WHAT IS BEING ASKED: Print them exactly: the lines from the beginning of the entries below through the line that contains "据悉,本项赛事以数字化职业技", and only those, with the pictures left out.

INFORMATION SUPPLIED:
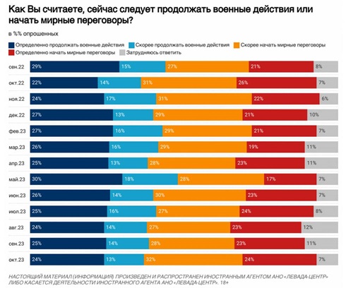 В то же время, 55% опрошенных граждан РФ считают, что следует прекращать войну и начинать мирные переговоры. 38% выступают за продолжение военных действий.
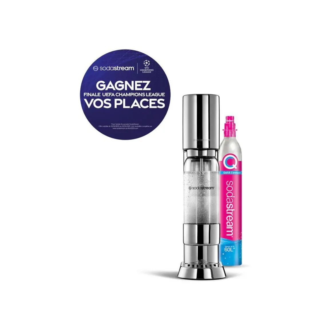 | Livré avec | – Bouteille 1L sans BPA compatible lave-vaisselle – Recharge de gaz 60L Quick Connect à clipser permettant de réaliser jusqu’à environ 60L d’eau pétillante | |
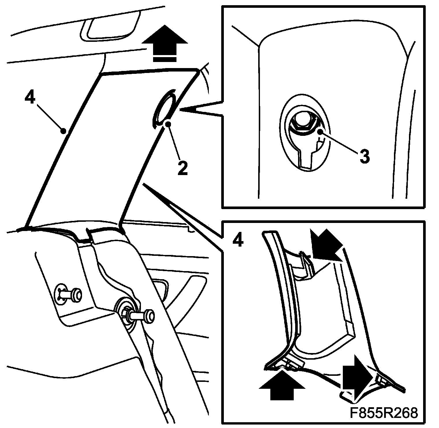 2. Remove the screw cover from the C-pillar trim. Use 82 93 474 Removal tool.
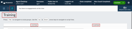 The Training tab enables an agent to access the project script library and the Custom Scripts (if enabled in the project) to review script menus, structure, and script lines to strengthen the script knowledge.
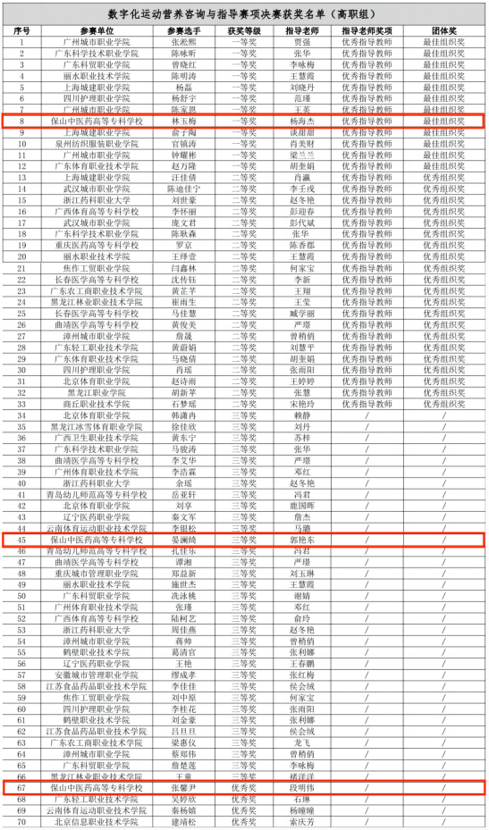 据悉,本项赛事以数字化职业技能竞赛模式为主,共吸引来自全国23个省、自治区、直辖市的196支队伍参赛,其中高职111支,职工58支,中职27支。比赛以数字化技能应用为导向,分理论赛、方案赛、技能赛三项赛程,紧密围绕运动营养产业发展需求设计竞赛内容,综合考察参赛选手专业知识、创新能力和技术应用能力。经过为期4天的激烈角逐,beat365官方网站基础医学院学生林玉梅荣获高职组一等奖、晏澜绮荣获高职组三等奖、张馨尹荣获高职组优秀奖;教师杨海杰荣获高职组优秀指导教师、学校荣获团体最佳组织奖。
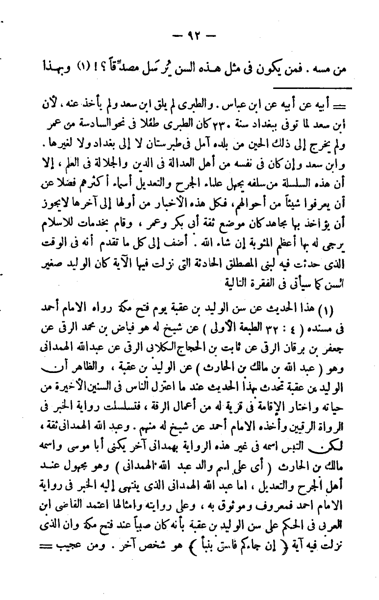 (¬1) هذا الخبر عن سن الوليد بن عقبة يوم فتح مكة رواه الإمام أحمد في مسنده (4: 32 الطبعة الأولى) عن شيخ له هو فياض بن محمد الرقي عن جعفر بن برقان الرقي عن ثابت بن الحجاج الكلابي الرقي عن عبد الله الهمداني وهو (عبد الله بن مالك بن الحارث) عن الوليد بن عقبة، والظاهر أن الوليد بن عقبة تحدث بهذا الحديث عندما اعتزل الناس في السنين الأخيرة من حياته واختار الإقامة في قرية له من أعمال الرقة، فتسلسلت رواية الخبر في الرواة الرقيين وأخذه الإمام أحمد عن شيخ له منهم. وعبد الله الهمداني ثقة، لكن التبس اسمه في غير هذه الرواية بهمداني آخر يكنى أبا موسى واسمه مالك بن الحارث (أي على اسم والد عبد الله الهمداني) وهو مجهول عند أهل الجرح والتعديل، أما عبد الله الهمداني الذي ينتهي إليه الخبر في رواية الإمام أحمد فمعروف وموثوق به، وعلى روايته وأمثالها اعتمد القاضي ابن العربي في الحكم على سن الوليد بن عقبة بأنه كان صبيا عند فتح مكة وأن الذي نزلت فيه آية " إََِنْ جَاءَكُمْ فَاسِقٌ بِنَبَإٍ " هو شخص آخر. ومن عجيب أمر الذين كان لهم هوى في تشويه هذا الصحابي الشاب المجاهد الطيب النفس الحسن السيرة في الناس أنهم حاولوا إدحاض حجة صغر سنه في ذلك الوقت بخبر آخر روي عن قدومه مع أخيه عمارة إلى المدينة في السنة السابعة للهجرة ليطلبا من النبي صلى الله عليه وسلم رد أختهما أم كلثوم إلى مكة. وأصل هذا الخبر - إن صح - مقدّم فيه اسم عمارة على اسم الوليد، وهذا مما يستأنس به في أن عمارة هو الأصل في هذه الرحلة وأن الوليد جاء في صحبته، وأي مانع يمنع قدوم الوليد صبيا بصحبة أخيه الكبير كما يقع مثل ذلك في كل زمان ومكان؟ فقول الوليد إنه كان في سنة الفتح صبيا ليس في خبر قدومه مع أخيه الكبير إلى المدينة في السنة السابعة ما يمنعه أو يناقضه. فإذا تقرر عندك أن جميع الأخبار الواردة بشأن الوليد بن عقبة في سبب نزول آية " إََِنْ جَاءَكُمْ فَاسِقٌ بِنَبَإٍ " لا يجوز علميا أن يبنى عليها حكم شرعي أو تاريخي، وإذا أضفت إلى ذلك حديث مسند الإمام أحمد عن سن الوليد في سنة الفتح، يتبين لك بعد ذلك حكمة استعمال أبي بكر وعمر للوليد وثقتهما به واعتمادهما عليه مع أنه كان لا يزال في صدر شبابه.
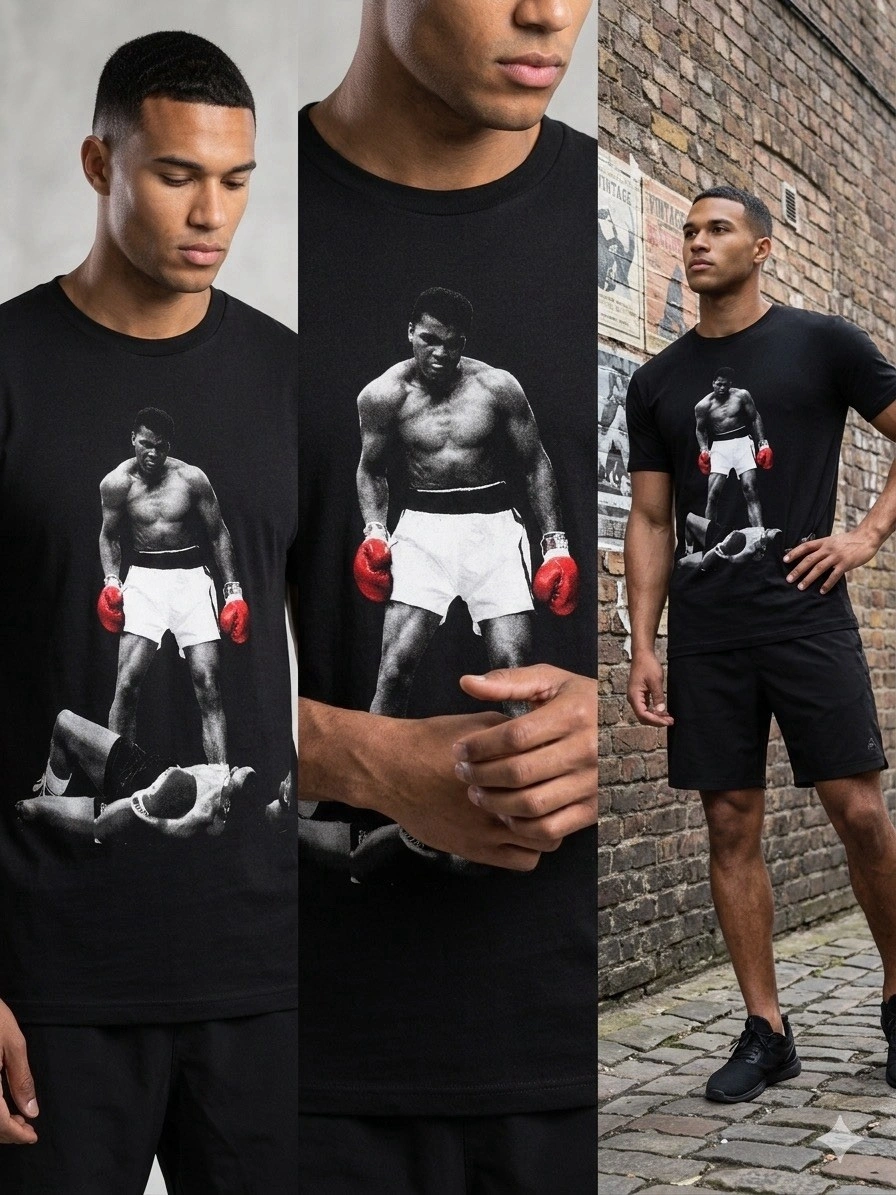 Mohammed Ali Men’s Graphic Boxing Tee Black Red Gloves XL
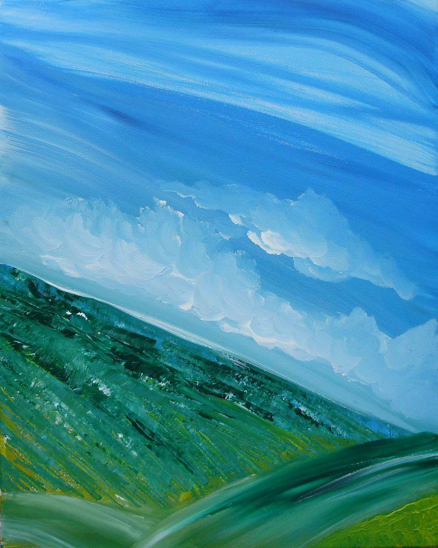 Na tym obrazie dominują dwa główne kolory: niebieski i zielony. Niebieskie niebo, pokryte miękkimi, puszystymi chmurami, rozciąga się na większą część płótna, tworząc wrażenie spokoju i przestrzeni. Zielone wzgórza poniżej zdają się falować, jakby unosiły się w rytm delikatnego wiatru. Kompozycja jest prosta, ale niezwykle ujmująca. Perspektywa prowadzi wzrok widza w dal, ku horyzontowi, gdzie chmury zdają się tańczyć na wietrze. Całość emanuje spokojem, ale i lekkością. Czujesz się, jakbyś mógł się tam przenieść i oto, hop, już sobie biegasz po tych wzgórzach! Artysta użył technik impasto, nakładając farbę grubymi pociągnięciami, co nadaje obrazowi wyraźnej faktury. Te dynamiczne pociągnięcia pędzlem przypominają ruchy ręki, jak w dziele malowanym z energią i pasją. Widz czuje swobodę i radość, jaką może dawać obcowanie z przyrodą. Ten "flow" artystyczny widać w swobodnych kształtach chmur, które na swój sposób opowiadają własne historie. Obraz może budzić w odbiorcy różne emocje, od nostalgii za spokojnymi chwilami na łonie natury po zachwyt nad pięknem świata. Osobiście, ten krajobraz przywodzi mi na myśl lato spędzone w górach, ciepło słońca na twarzy i beztroskie dni. Jedno jest pewne – taka sztuka ma moc przenoszenia nas w miejsca, gdzie codzienne troski tracą na znaczeniu.
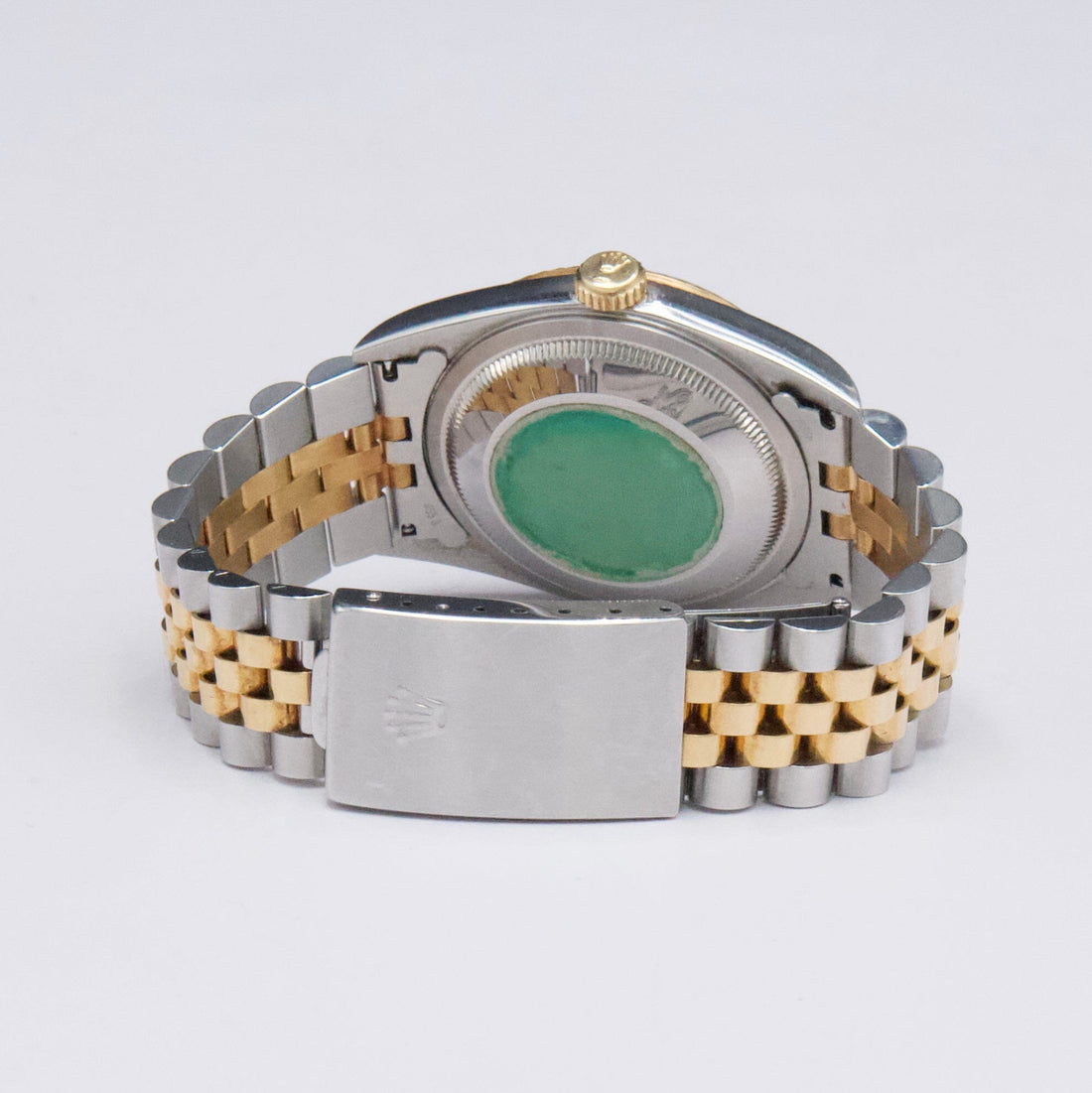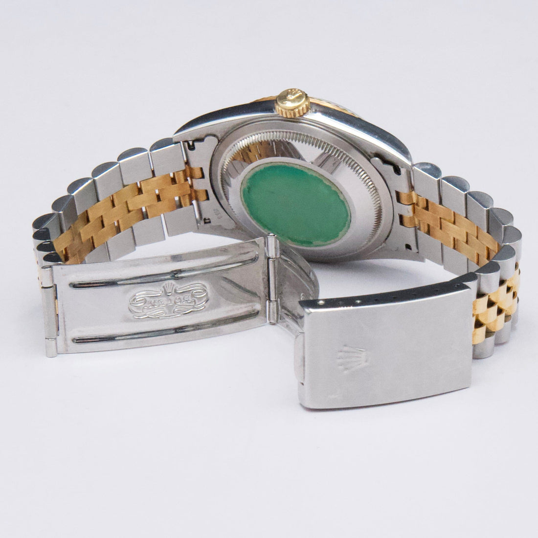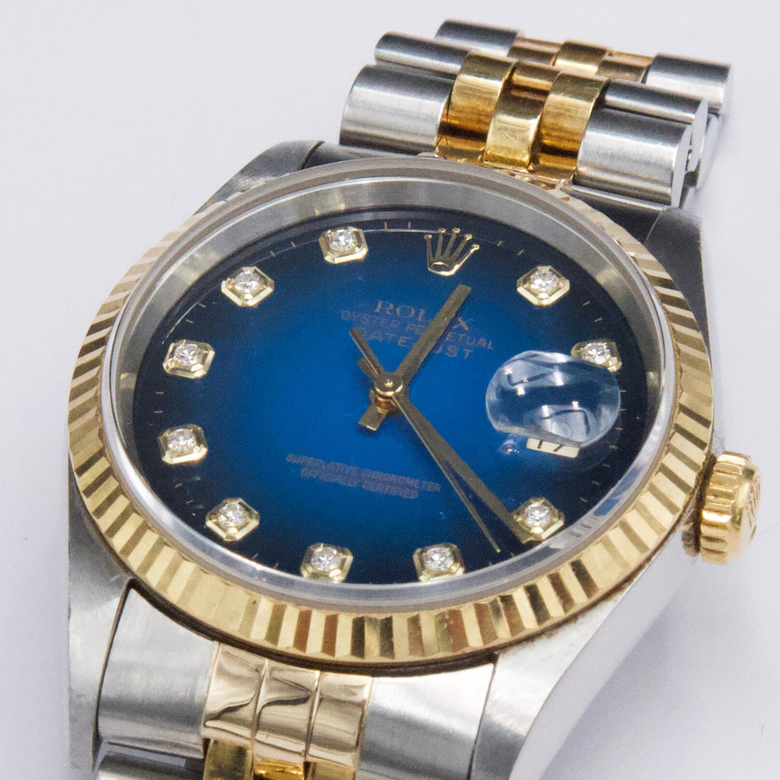 Rolex Datejust 16233 Mens Watch. 36mm stainless steel case. 18K yellow gold fluted bezel. Blue vignette dial with gold luminous hands. Original factory diamond set hour markers. Minute markers on the outer dial. Date display at the 3 o'clock position. Stainless steel & 18K yellow gold Jubilee bracelet with fold over clasp. Will fit up to a 7-inch wrist. Sapphire crystal. Stainless steel case back. Automatic self-winding chronometer movement. This watch comes with original Box and Papers.

SOLUTION TO THE PROBLEM:
 В то же время, 55% опрошенных граждан РФ считают, что следует прекращать войну и начинать мирные переговоры. 38% выступают за продолжение военных действий.
 | Livré avec | – Bouteille 1L sans BPA compatible lave-vaisselle – Recharge de gaz 60L Quick Connect à clipser permettant de réaliser jusqu’à environ 60L d’eau pétillante | |
 2. Remove the screw cover from the C-pillar trim. Use 82 93 474 Removal tool.
 The Training tab enables an agent to access the project script library and the Custom Scripts (if enabled in the project) to review script menus, structure, and script lines to strengthen the script knowledge.
 据悉,本项赛事以数字化职业技能竞赛模式为主,共吸引来自全国23个省、自治区、直辖市的196支队伍参赛,其中高职111支,职工58支,中职27支。比赛以数字化技能应用为导向,分理论赛、方案赛、技能赛三项赛程,紧密围绕运动营养产业发展需求设计竞赛内容,综合考察参赛选手专业知识、创新能力和技术应用能力。经过为期4天的激烈角逐,beat365官方网站基础医学院学生林玉梅荣获高职组一等奖、晏澜绮荣获高职组三等奖、张馨尹荣获高职组优秀奖;教师杨海杰荣获高职组优秀指导教师、学校荣获团体最佳组织奖。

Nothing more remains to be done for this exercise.